Published in final edited form as: Proc SPIE Int Soc Opt Eng. 2019 Mar 15;10953:109530T. doi: 10.1117/12.2506032

A web-based system for statistical shape analysis in temporomandibular joint osteoarthritis

Loic Michoud a, Chao Huang b, Marilia Yatabe a, Antonio Ruellas a, Marcos Ioshida a, Beatriz Paniagua c, Martin Styner b, João Roberto Gonçalves d, Jonas Bianchi a,d, Lucia Cevidanes a, Juan-Carlos Prieto b
PMCID: PMC6494085  NIHMSID: NIHMS1021651  PMID: 31057201

Abstract

This study presents a web-system repository: Data Storage for Computation and Integration (DSCI) for Osteoarthritis of the temporomandibular joint (TMJ OA).
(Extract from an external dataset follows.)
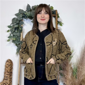 J948 – Gilet en mailles écusson (TU) (taupe)
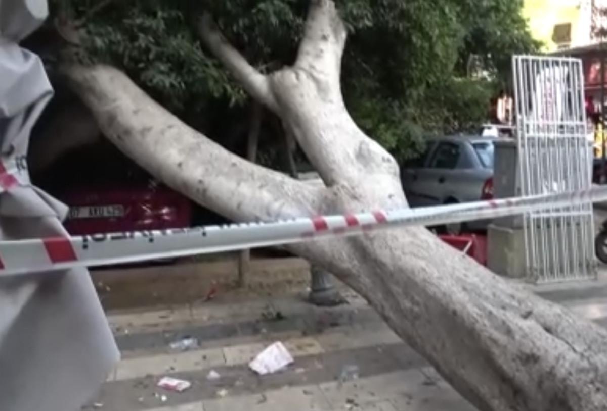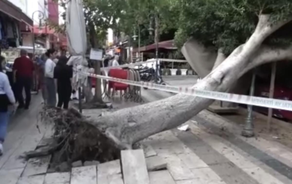 Görüntülerde, yayaların yoğun olarak kullandığı yolda bulunan ağacın devrilmeden saniyeler öncesinde altında sandalyelerde oturan vatandaşlar bulunduğu ve bir kişinin ağaç dallarının altında kalmaktan son anda kurtulduğu görüldü.

This environment aims to maintain and allow contributions to the database from multi-clinical centers and compute novel statistics for disease classification. For this purpose, imaging datasets stored in the DSCI consisted of three-dimensional (3D) surface meshes of condyles from CBCT, clinical markers and biological markers in healthy and TMJ OA subjects. A clusterpost package was included in the web platform to be able to execute the jobs in remote computing grids. The DSCI application allowed runs of statistical packages, such as the Multivariate Functional Shape Data Analysis to compute global correlations between covariates and the morphological variability, as well as local p-values in the 3D condylar morphology. In conclusion, the DSCI allows interactive advanced statistical tools for non-statistical experts.

Keywords: Web-platform, Biomarkers, Meshes, Statistics, Temporomandibular Joint Disorders, Osteoarthritis

1. INTRODUCTION

In the field of medical research, one of the main objectives is to develop tools that can be widely used by the greatest number of physician, dentists, researcher, and the general public1,2. It is therefore essential to make these new tool features accessible to all interest users. The most powerful algorithms used in medical/dental data processing, such as neural networks3 and shape statistic (Multivariate Functional Shape Data Analysis – MFSDA4), require very large sample sizes to be effective. Standardized protocols for collection of medical/dental data in different clinics or hospital are required to solve problems related to control of sample dimensionality and heterogenic. The first step in any study in a multitude of fields is to collect and store the large number of data of different types such as clinical, biological ad even 3D images. The Data Storage for Computation and Integration (DSCI) that we have created utilizes a database collected by clinicians researching temporomandibular joint (TMJ) osteoarthritis (OA). The security of the data is also a concern and while other technologies, such as Blockchain5, have been proposed as platforms for management of data collections in a secure environment, the current prototypes seem to be lees secure than our current database and we used a JSON web token6 that is a highly encrypted token. In addition, the cluster post technology is used to send tasks to remote servers such as the Umich Flux technology. It allows the users to send a big amount of computing tasks without having trouble with the run rime because that technology is much faster than standard computers. Our long-term goal is to create repositories for clinical studies maintaining the data in a distributed computational environment to allow contributions to the database for multi-clinical centers and to shares trained models for TMJ classification. The novel shape statistics requires advanced computational power and is accessible via the website, where it is possible to execute computing intensive task outside the clinical centers.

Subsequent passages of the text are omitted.